How do objects work in x86 at the assembly level?

I'm trying to understand how objects work at the assembly level. How exactly are objects stored in memory, and how do member-functions access them?

(editor's note: the original version was way too broad, and had some confusion over how assembly and structs work in the first place.)

Classes are stored exactly the same way as structs, except when they have virtual members. In that case, there's an implicit vtable pointer as the first member (see below).

A struct is stored as a contiguous block of memory (if the compiler doesn't optimize it away or keep the member values in registers). Within a struct object, addresses of its elements increase in order in which the members were defined. (source: http://en.cppreference.com/w/c/language/struct). I linked the C definition, because in C++ struct means class (with public: as the default instead of private:).

Think of a struct or class as a block of bytes that might be too big to fit in a register, but which is copied around as a "value". Assembly language doesn't have a type system; bytes in memory are just bytes and it doesn't take any special instructions to store a double from a floating point register and reload it into an integer register. Or to do an unaligned load and get the last 3 bytes of 1 int and the first byte of the next. A struct is just part of building C's type system on top of blocks of memory, since blocks of memory are useful.

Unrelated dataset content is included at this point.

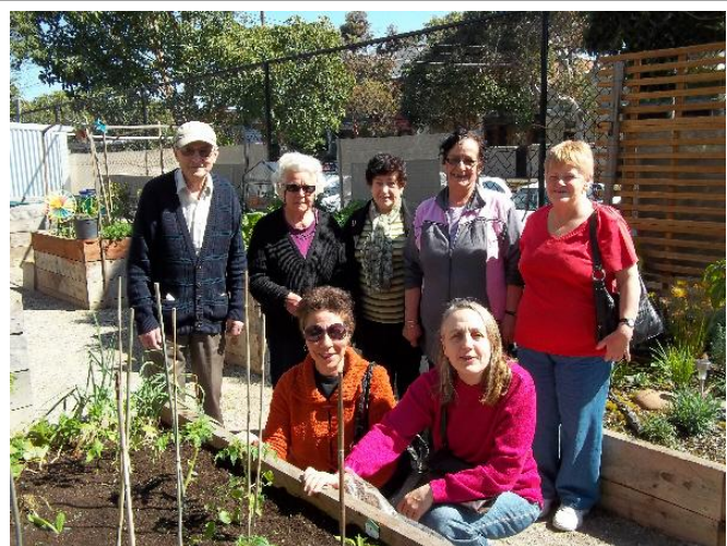
Members of our Gardening Get-Together group with participants of Park Towers Community Garden

Recently we went on a short trip to the community garden at Park Towers in South Melbourne. This is a fascinating and beautiful community garden, that is really developing and everyone at Park Towers should be very proud of it!

These blocks of bytes can have static (global or static), dynamic (malloc or new), or automatic storage (local variable: temporary on the stack or in registers, in normal C/C++ implementations on normal CPUs). The layout within a block is the same regardless (unless the compiler optimizes away the actual memory for a struct local variable; see the example below of inlining a function that returns a struct.)

A struct or class is the same as any other object. In C and C++ terminology, even an int is an object: http://en.cppreference.com/w/c/language/object. i.e. A contiguous block of bytes that you can memcpy around (except for non-POD types in C++).

The ABI rules for the system you're compiling for specify when and where padding is inserted to make sure each member has sufficient alignment even if you do something like struct { char a; int b; }; (for example, the x86-64 System V ABI, used on Linux and other non-Windows systems specifies that int is a 32-bit type that gets 4-byte alignment in memory. The ABI is what nails down some stuff that the C and C++ standards leave "implementation dependent", so that all compilers for that ABI can make code that can call each other's functions.)

Note that you can use offsetof(struct_name, member) to find out about struct layout (in C11 and C++11). See also alignof in C++11, or _Alignof in C11.

It's up to the programmer to order struct members well to avoid wasting space on padding, since C rules don't let the compiler sort your struct for you. (e.g. if you have some char members, put them in groups of at least 4, rather than alternating with wider members. Sorting from large to small is an easy rule, remembering that pointers may be 64 or 32-bit on common platforms.)

More details of ABIs and so on can be found at https://stackoverflow.com/tags/x86/info. Agner Fog's excellent site includes an ABI guide, along with optimization guides.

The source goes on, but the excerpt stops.